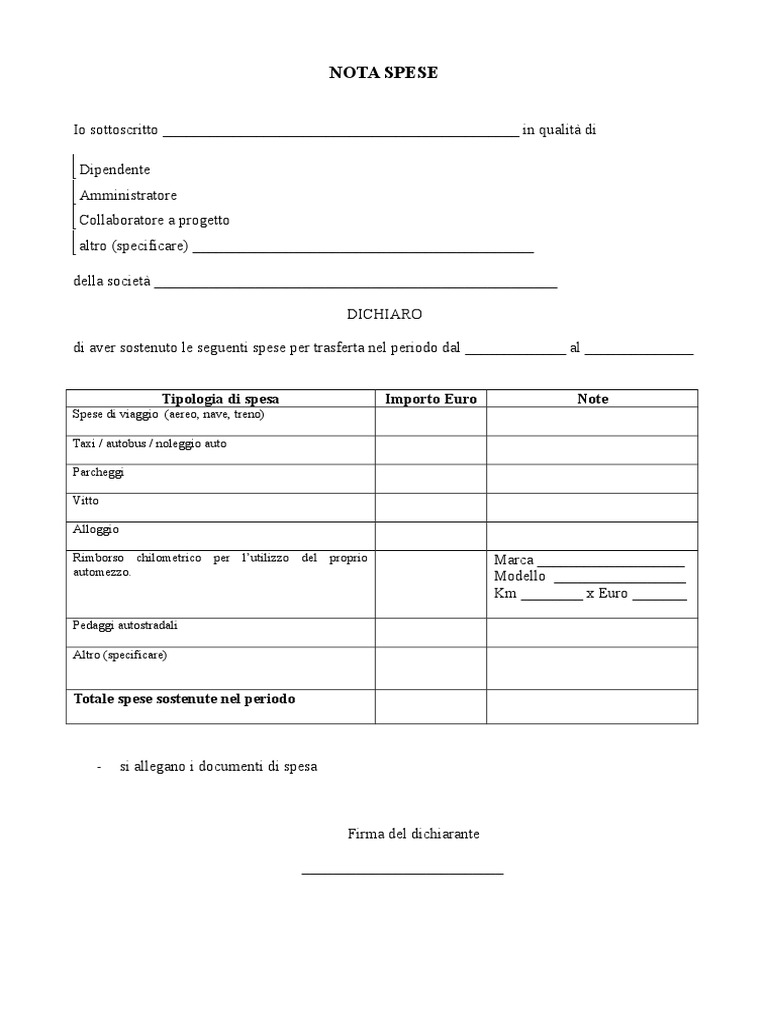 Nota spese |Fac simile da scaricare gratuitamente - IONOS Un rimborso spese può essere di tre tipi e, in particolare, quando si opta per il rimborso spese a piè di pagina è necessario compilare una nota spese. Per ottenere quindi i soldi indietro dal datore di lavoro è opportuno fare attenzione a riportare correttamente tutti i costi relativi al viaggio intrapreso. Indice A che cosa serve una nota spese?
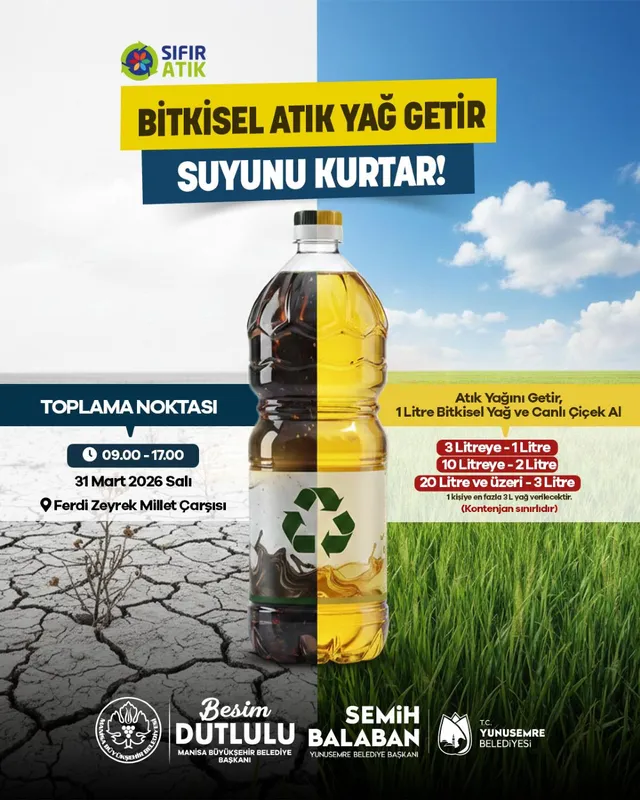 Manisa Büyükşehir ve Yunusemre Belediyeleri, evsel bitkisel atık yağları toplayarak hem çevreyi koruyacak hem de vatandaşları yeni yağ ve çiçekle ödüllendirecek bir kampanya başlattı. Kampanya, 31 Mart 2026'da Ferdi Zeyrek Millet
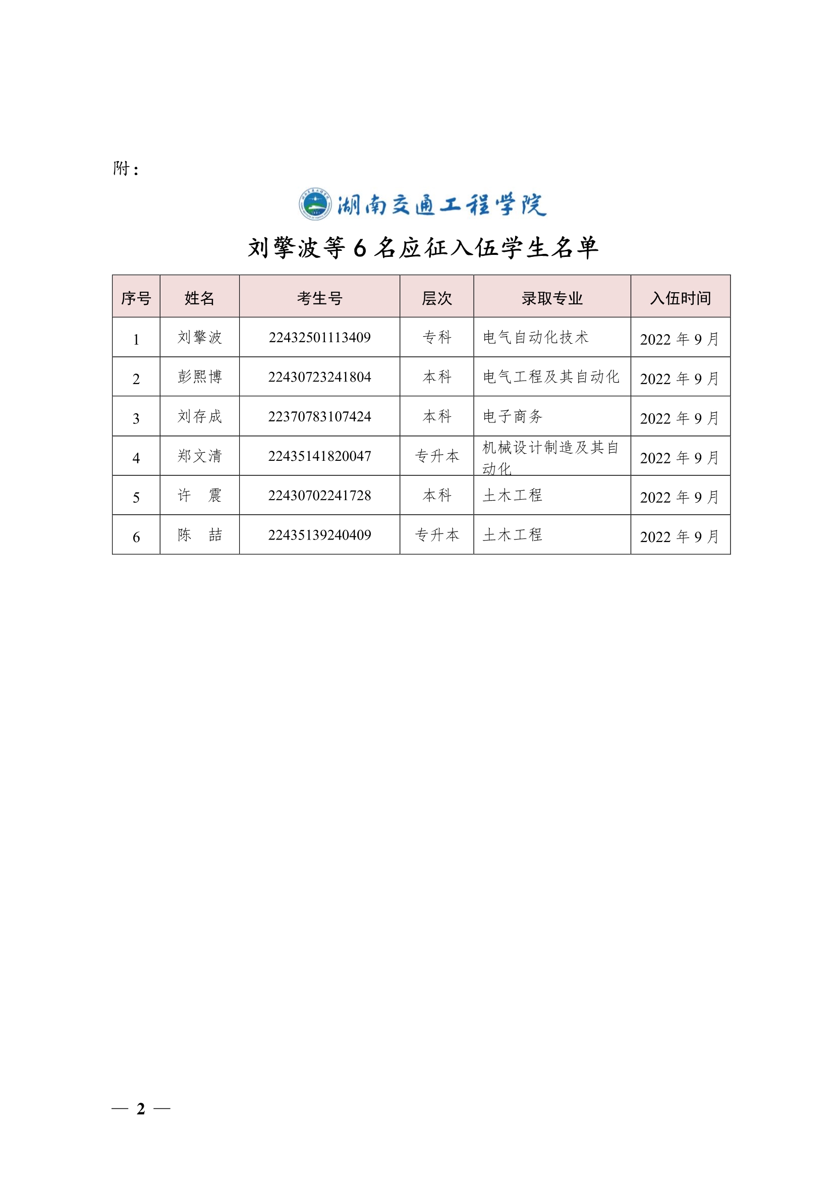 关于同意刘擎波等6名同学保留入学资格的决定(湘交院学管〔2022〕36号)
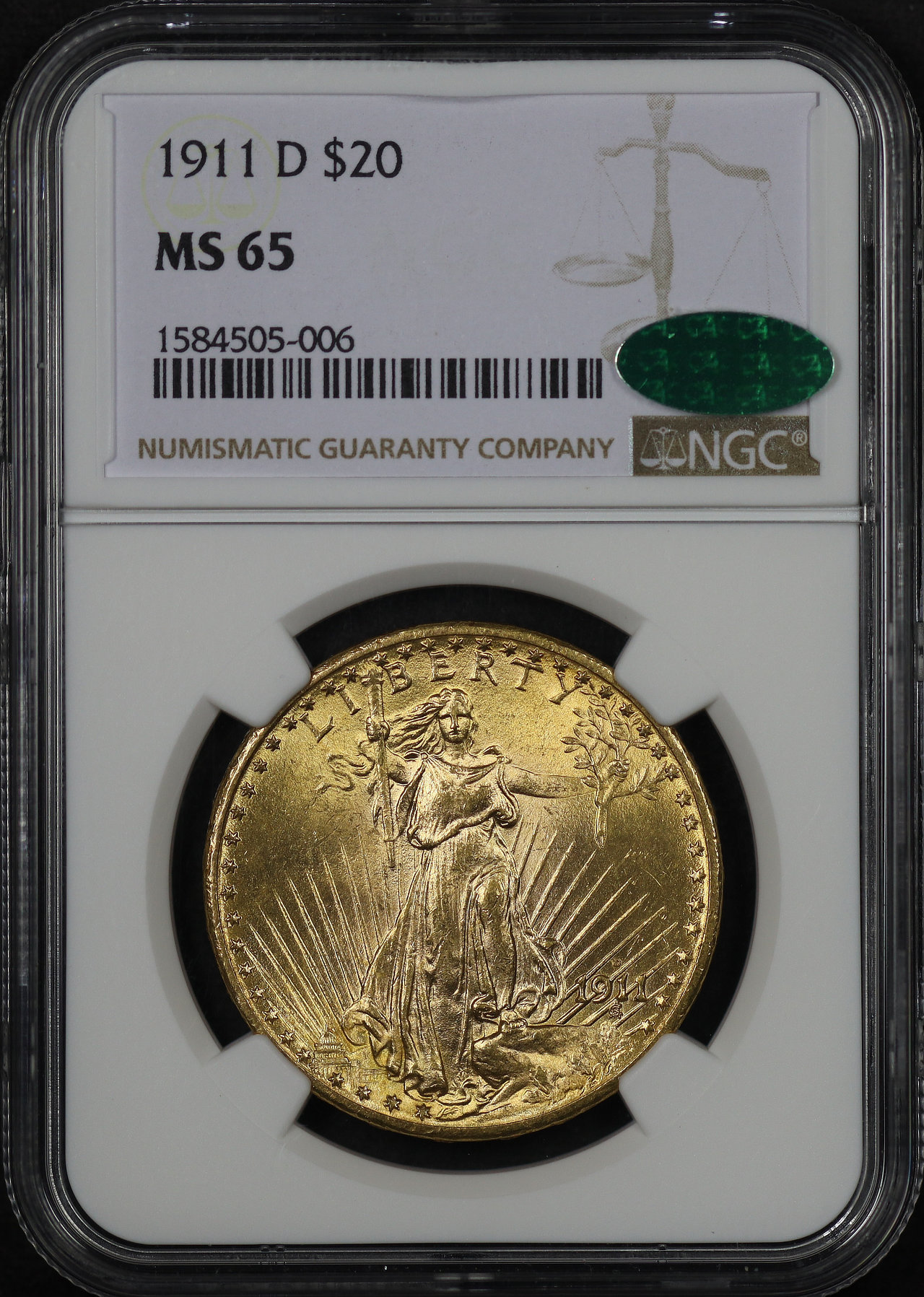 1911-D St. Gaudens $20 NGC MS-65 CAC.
* * *
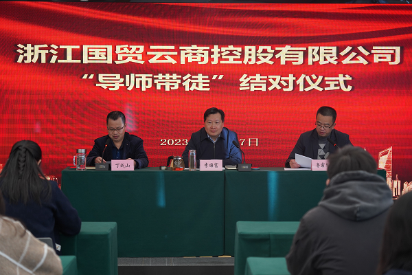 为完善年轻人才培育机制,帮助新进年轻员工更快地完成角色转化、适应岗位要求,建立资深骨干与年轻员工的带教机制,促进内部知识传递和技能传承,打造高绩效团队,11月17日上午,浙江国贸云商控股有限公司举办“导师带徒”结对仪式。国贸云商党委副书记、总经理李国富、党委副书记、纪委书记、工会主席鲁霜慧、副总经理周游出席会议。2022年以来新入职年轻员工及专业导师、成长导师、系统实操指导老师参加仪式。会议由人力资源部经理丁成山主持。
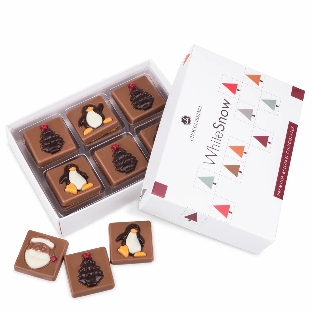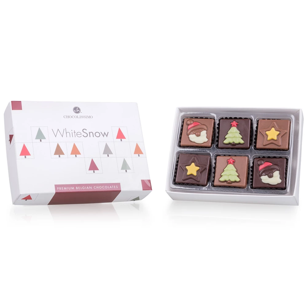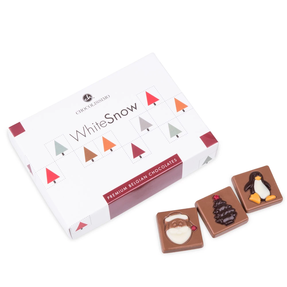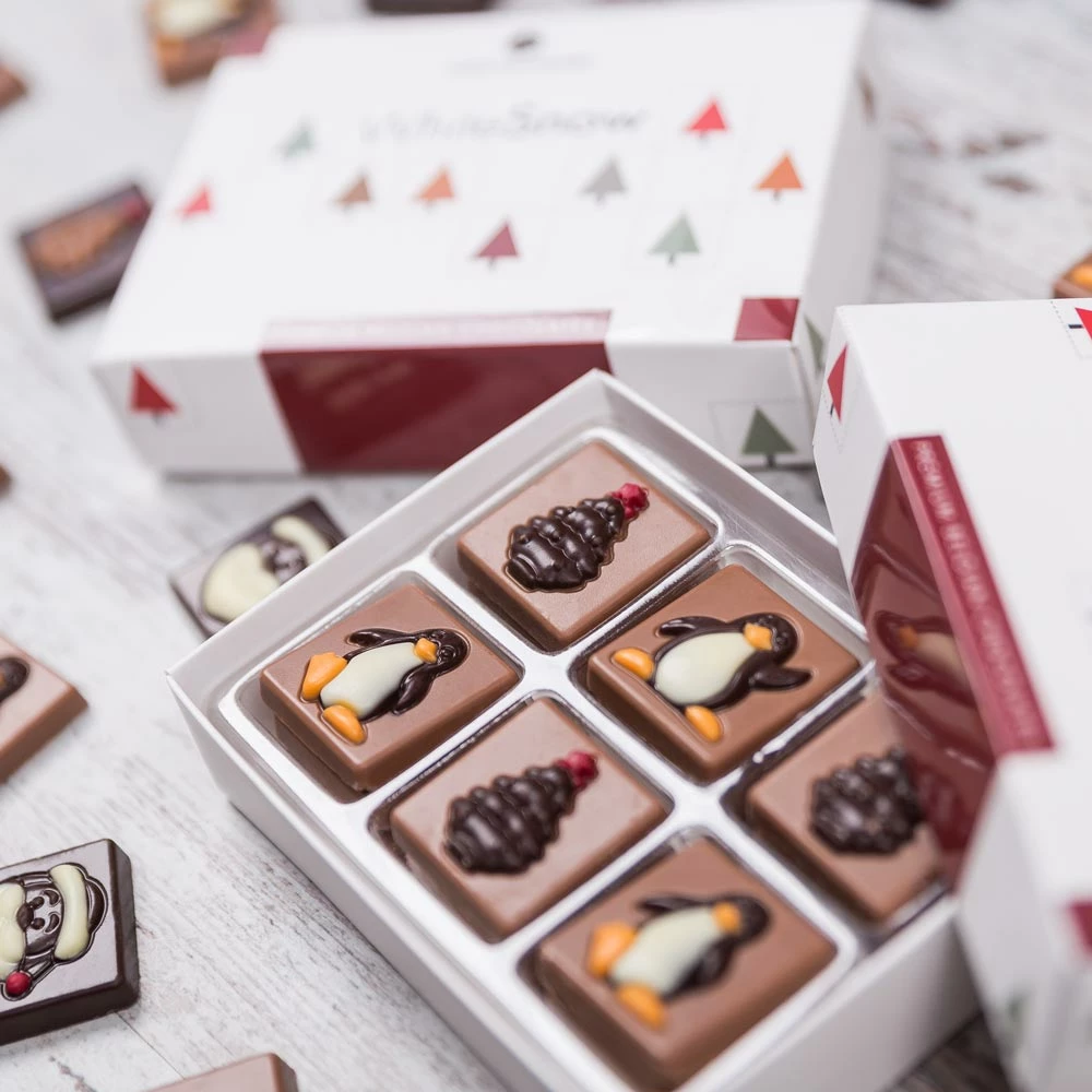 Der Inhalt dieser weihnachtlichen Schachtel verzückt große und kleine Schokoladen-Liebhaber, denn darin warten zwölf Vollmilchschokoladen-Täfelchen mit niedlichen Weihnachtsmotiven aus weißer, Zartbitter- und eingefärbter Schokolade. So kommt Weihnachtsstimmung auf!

Exercise description →
Using the entries above, transcribe exactly from the line that has "Nota spese |Fac" through the line that has "1911-D St. Gaudens $20 NGC MS-65 CAC.". Pictures are dropped.

Output for this task →
 Nota spese |Fac simile da scaricare gratuitamente - IONOS Un rimborso spese può essere di tre tipi e, in particolare, quando si opta per il rimborso spese a piè di pagina è necessario compilare una nota spese. Per ottenere quindi i soldi indietro dal datore di lavoro è opportuno fare attenzione a riportare correttamente tutti i costi relativi al viaggio intrapreso. Indice A che cosa serve una nota spese?
 Manisa Büyükşehir ve Yunusemre Belediyeleri, evsel bitkisel atık yağları toplayarak hem çevreyi koruyacak hem de vatandaşları yeni yağ ve çiçekle ödüllendirecek bir kampanya başlattı. Kampanya, 31 Mart 2026'da Ferdi Zeyrek Millet
 关于同意刘擎波等6名同学保留入学资格的决定(湘交院学管〔2022〕36号)
 1911-D St. Gaudens $20 NGC MS-65 CAC.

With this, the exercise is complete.